Michele’s show harked back even further, to the origins of modern-day celebrity culture, with a blend of silent film iconography and Art Deco glamour.

There was something undeniably meta about sitting in a darkened room with guests including Kirsten Dunst and Dakota Johnson, scrutinizing his homage to the Hollywood dream factory — some of the spectacular gowns no doubt bound for the Oscars red carpet.

In his Specula Mundi, Latin for “mirror of the world,” each garment carried a promise of transcendence.

Several looks were like Erté illustrations come to life, like the white satin bias-cut slip, topped with an ivory velvet embroidered coat with a pooling train, that erupted into an ostrich feather and rhinestone headdress.

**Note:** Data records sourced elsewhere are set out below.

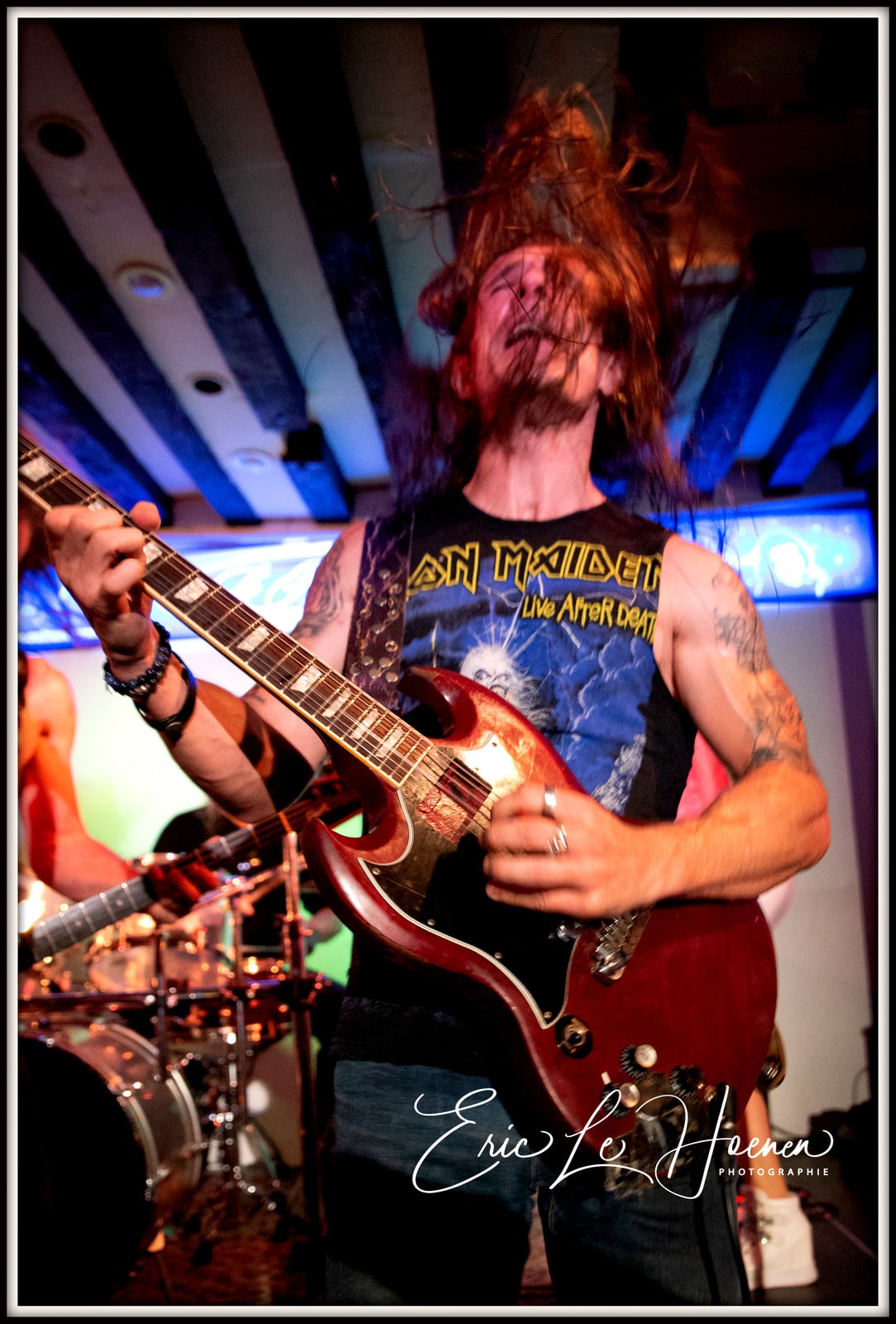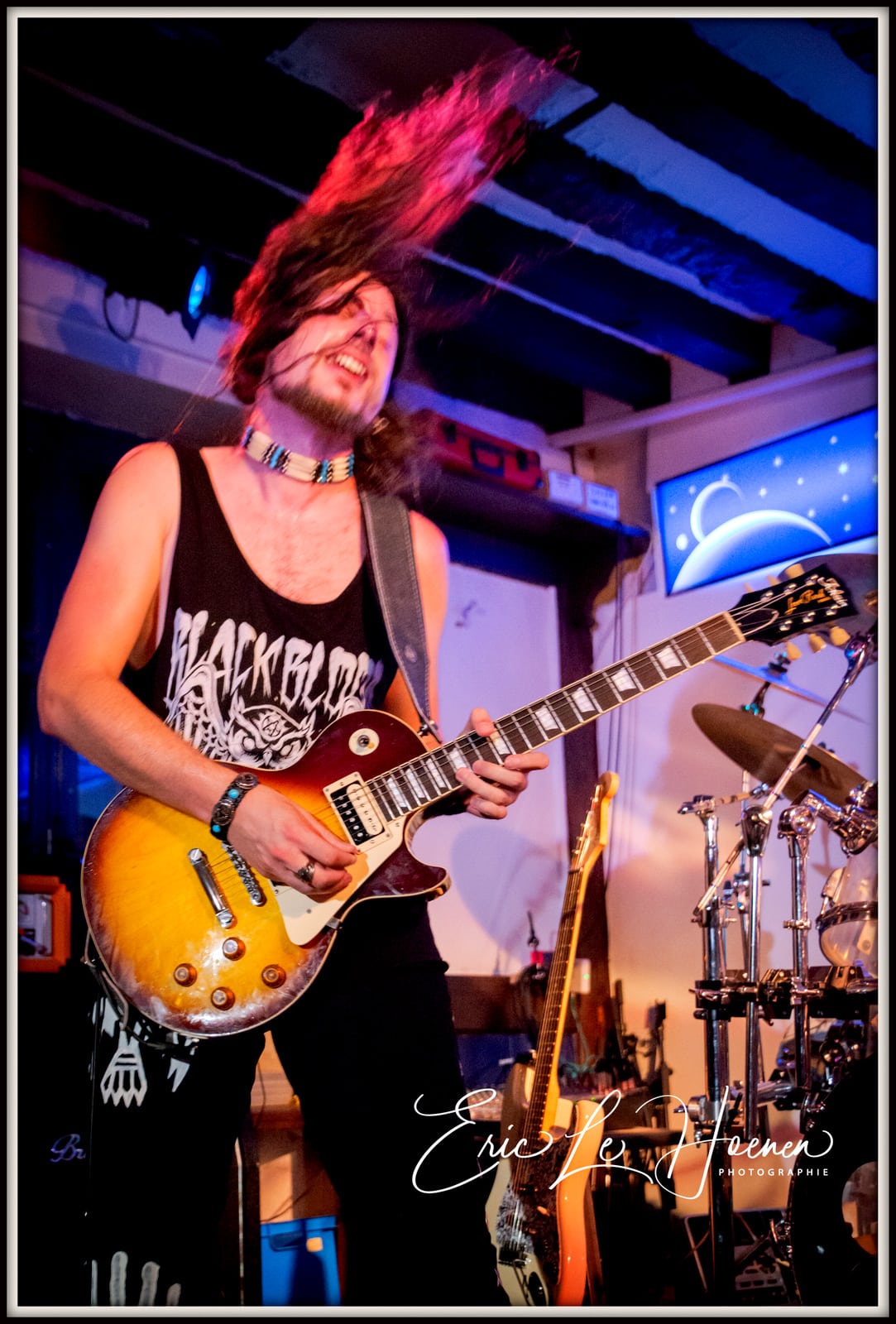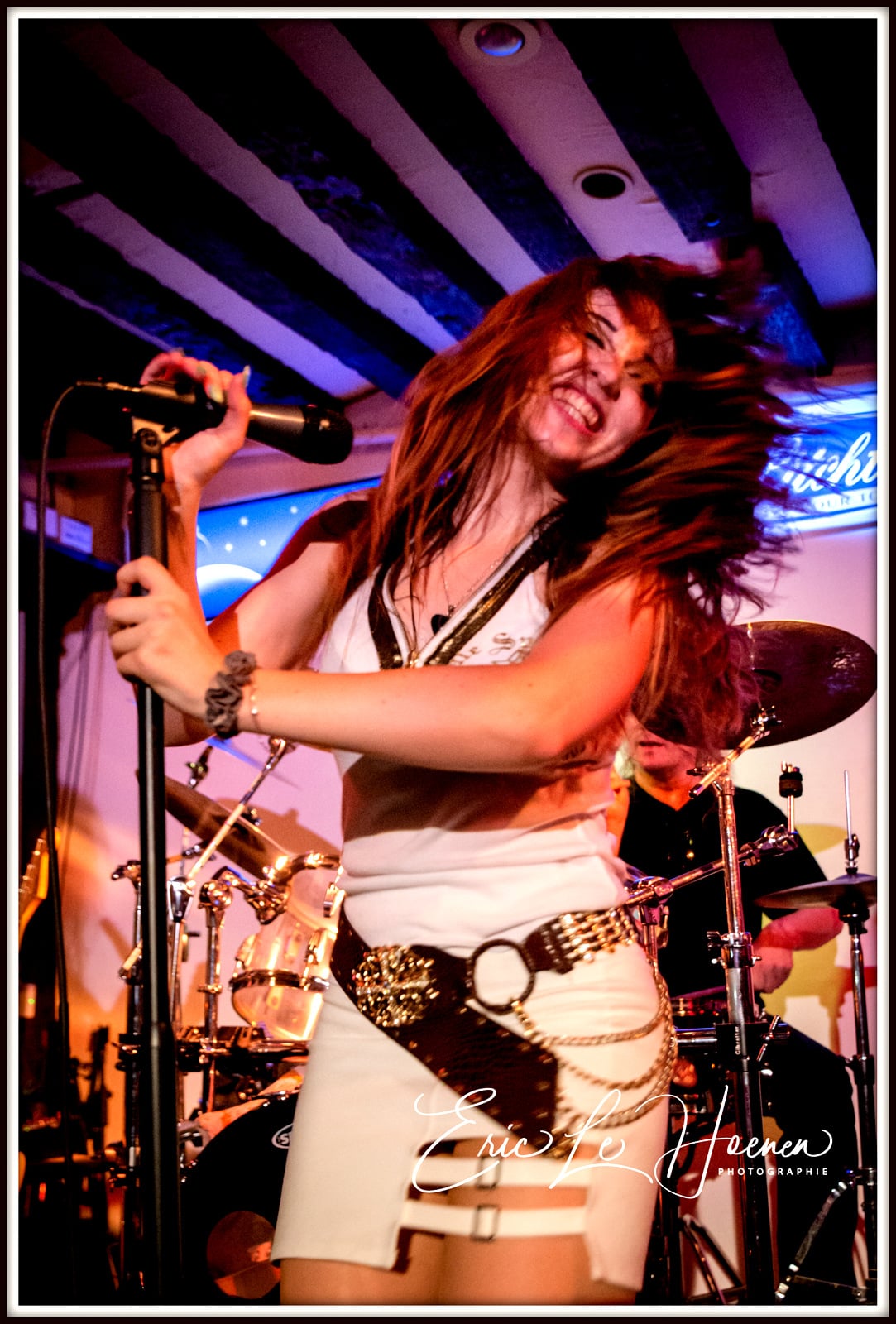 Steph, à la basse et aux chœurs, est le pilier sur lequel on s’appuie. Celui qui, avec Eric à la batterie, est la colonne vertébrale rythmique de la formation, l’indispensable ossature autour de laquelle peuvent virevolter les deux gratteux et la chanteuse. D’ailleurs, en plus des ROLLMUP’S, les RED LOTUS & THE DESPERADOS ainsi que le groupe ROCK US se sont assurés les services de ce pilier indestructible qu’est Steph et dont la présence scénique est aussi énorme que le talent du bonhomme. A moins, me suis-je dit, que Steph ne joue qu’avec des groupes dont le chant est assuré par des femmes… Est-ce un signe…? Car comme le dit Frankie, notre rédacteur en chef, “il n’y a pas de hasard”.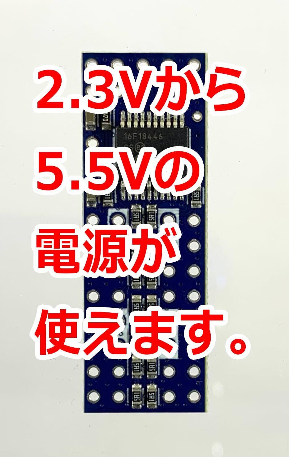 電源は2.3V〜5.5Vの範囲で使用可能です。例えば3Vのボタン電池や、1.5Vの乾電池2本を直列にして3V、3本直列にして4.5V、USB電源で5Vなど多彩な電源が使用可能です。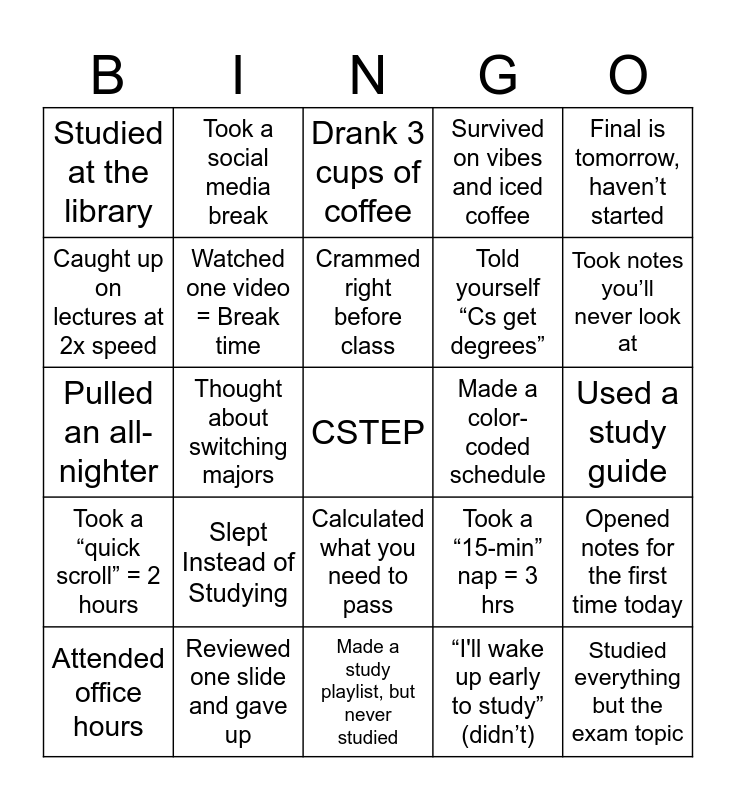 This bingo card has a free space and 24 words: Attended office hours, Slept Instead of Studying, Crammed right before class, “I'll wake up early to study” (didn’t), Final is tomorrow, haven’t started, Studied at the library, Took a social media break, Drank 3 cups of coffee, Made a color-coded schedule, Used a study guide, Pulled an all-nighter, Watched one video = Break time, Took a “15-min” nap = 3 hrs, Opened notes for the first time today, Caught up on lectures at 2x speed, Reviewed one slide and gave up, Made a study playlist, but never studied, Survived on vibes and iced coffee, Took notes you’ll never look at, Took a “quick scroll” = 2 hours, Thought about switching majors, Calculated what you need to pass, Told yourself “Cs get degrees” and Studied everything but the exam topic.
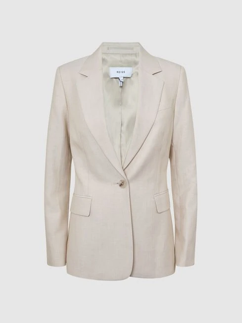 Refine your wardrobe with the Shae single-breasted blazer. It’s crafted from a lightweight cotton-linen blend in an understated oatmeal hue, for season-long wear. Darts tailor the profile for a sleek look. Style with the coordinating trousers and your favourite heels.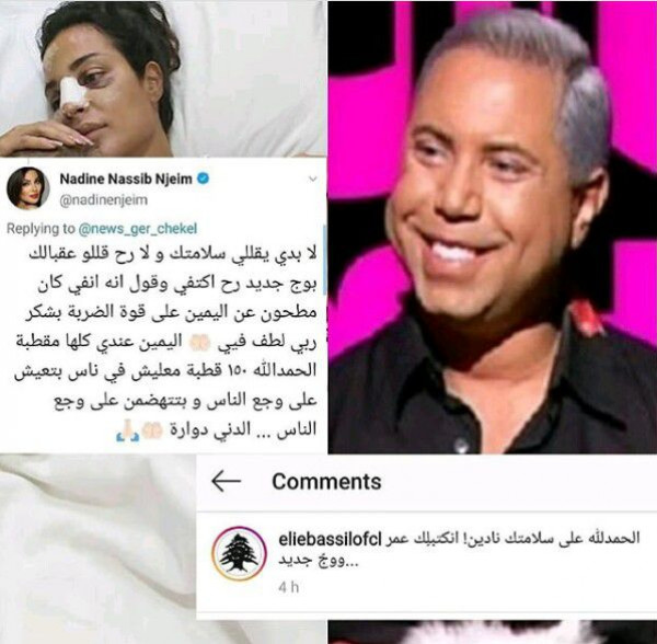 ردت النجمة اللبنانية، نادين نسيب نجيم، على تهكم المدون والصحفي إيلي باسيل، منها بعد خضوعها لعملية في وجهها إثر انفجار مرفأ بيروت.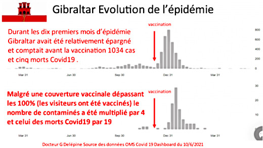 Mais depuis mai 2021, malgré son taux record de vaccinés, une augmentation des contaminations journalières (+ 300 %) est observée en Grande-Bretagne prouvant qu’un très haut taux de couverture vaccinale ne protège pas la population de l’épidémie.
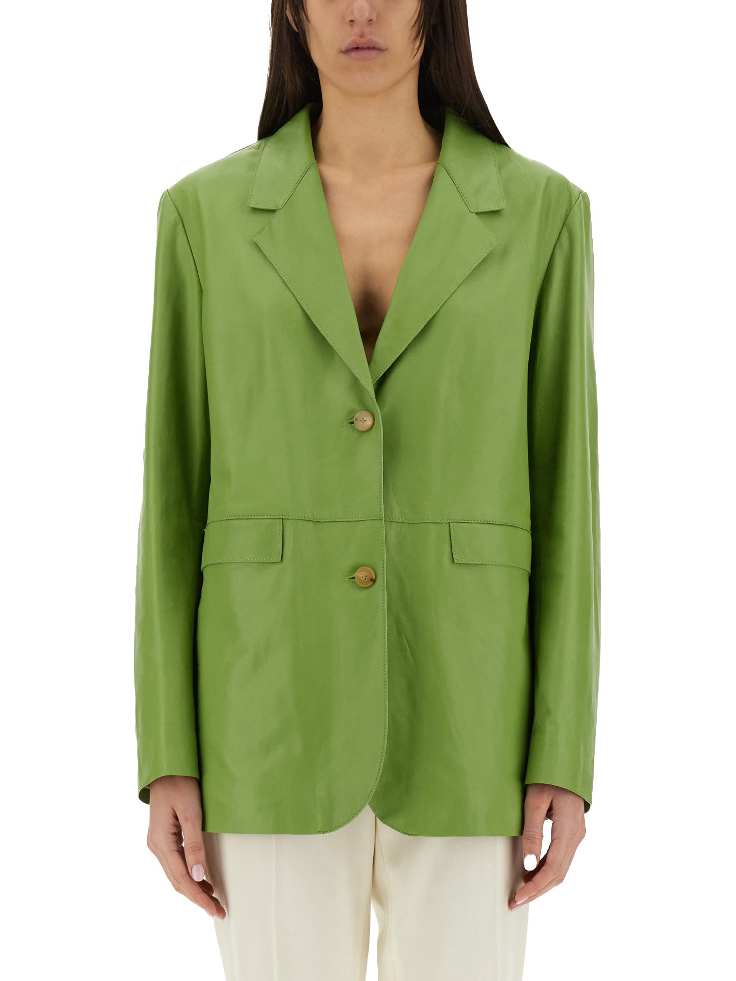 - OVERSIZE FIT- 100% LEATHER- MADE IN India- LA MODELLA É ALTA 180 CM E INDOSSA LA TAGLIA 42 IT

Others looked like they were plucked from the costume department of the “Ziegfeld Follies” or “Mata Hari.” You could picture Gloria Swanson posing in a white chiffon cape dusted with silver geometric motifs, or a Poiret-style black velvet drop-waisted kimono coat with graphic floral decorations.

To a blend of classical music and thumping techno, models with gold crowns in sunburst pleats offered themselves up for contemplation, like objects of secular worship. Gold lamé goddess gowns added a dash of ‘80s gloss, morphing film idols with Oscar statuettes.

“I’ve always felt like an archeologist,” Michele said in a preview, adding that he was fascinated with the myth-making power of clothes. “We are human beings. I think that we need to dream, we need to look at things that don’t exist. It’s important, especially now.”

He noted how many designers who stepped into new creative director roles last year unveiled their first designs not on the runway, but on the red carpet.

“The red carpet is like a metaphysical place that is not the market, where you can put your fantasy — so nobody can say anything, because it’s not real. It’s like the Yellow Brick Road in the ‘Wizard of Oz.’ It’s like a fairy tale,” he remarked.

The presentation format forced the gaze to linger. Face pressed to the porthole, you fought between the urge to drink in each detail, or to capture the fantasy apparitions with your smartphone. As awards season plays out against chaotic world events, Michele dared his audience to dream.